In future studies, we will investigate the expression of cytokines from T cells in a time dependent manner, comparing the effects of a cdtB mutant versus a ltxA mutant. We would expect to collect rat lymphocytes at various time points during the infection [22], and then assess the presence and amounts of various cytokines derived from these Aa exposed lymphocytes.

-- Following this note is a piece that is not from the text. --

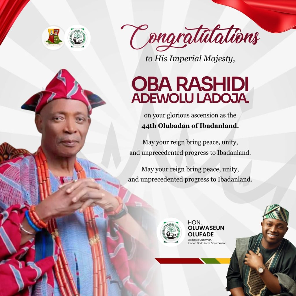 The Executive Chairman of Ibadan North Local Government, Hon. Oluwaseun Olufade, has joined millions of illustrious sons and daughters of Ibadanland at home and in the diaspora to rejoice with His Imperial Majesty, Oba (Senator) Rashidi Adewolu Ladoja, Arusamajere I, on his historic coronation as the 44th Olubadan of Ibadanland.

With respect to Aa colonization, 19 of the 24 rats inoculated with Aa showed detectable Aa by culture and 15 of 24 rats showed detectable Aa 12 weeks after infection. In most cases 12 week samples had reduced percent of Aa relative to the total flora. None of the 12 uninoculated control rats showed any cultivable Aa. It is possible that Aa would have been detected in all rats had we used PCR, which we have seen in previous studies [22]. However, because our goal was to study the effects of LtxA and Cdt we thought it best to assess viable Aa as opposed to DNA. Aa was presented as a fraction of the total flora which varied from 0.36±0.69×10−4 to 7.16±9.6×10−4 at 12 weeks in mutant strains. The amounts of Aa as a percentage of total flora when collecting subgingival flora from diseased sites in human cases of LAP also vary widely. In this study plaque samples were collected from a full arch while disease occurred in one or two teeth. Since most of the teeth sampled did not have disease, it is possible that the low percentage of Aa is due to its dilution by commensal members of the flora. One survey in humans showed the variation of Aa was 0.2%–5.0% of total flora; while a second survey showed variation from 0.1% to 114% [37]. Variation could be due to sampling and recovery but in general these numbers should be considered as estimates.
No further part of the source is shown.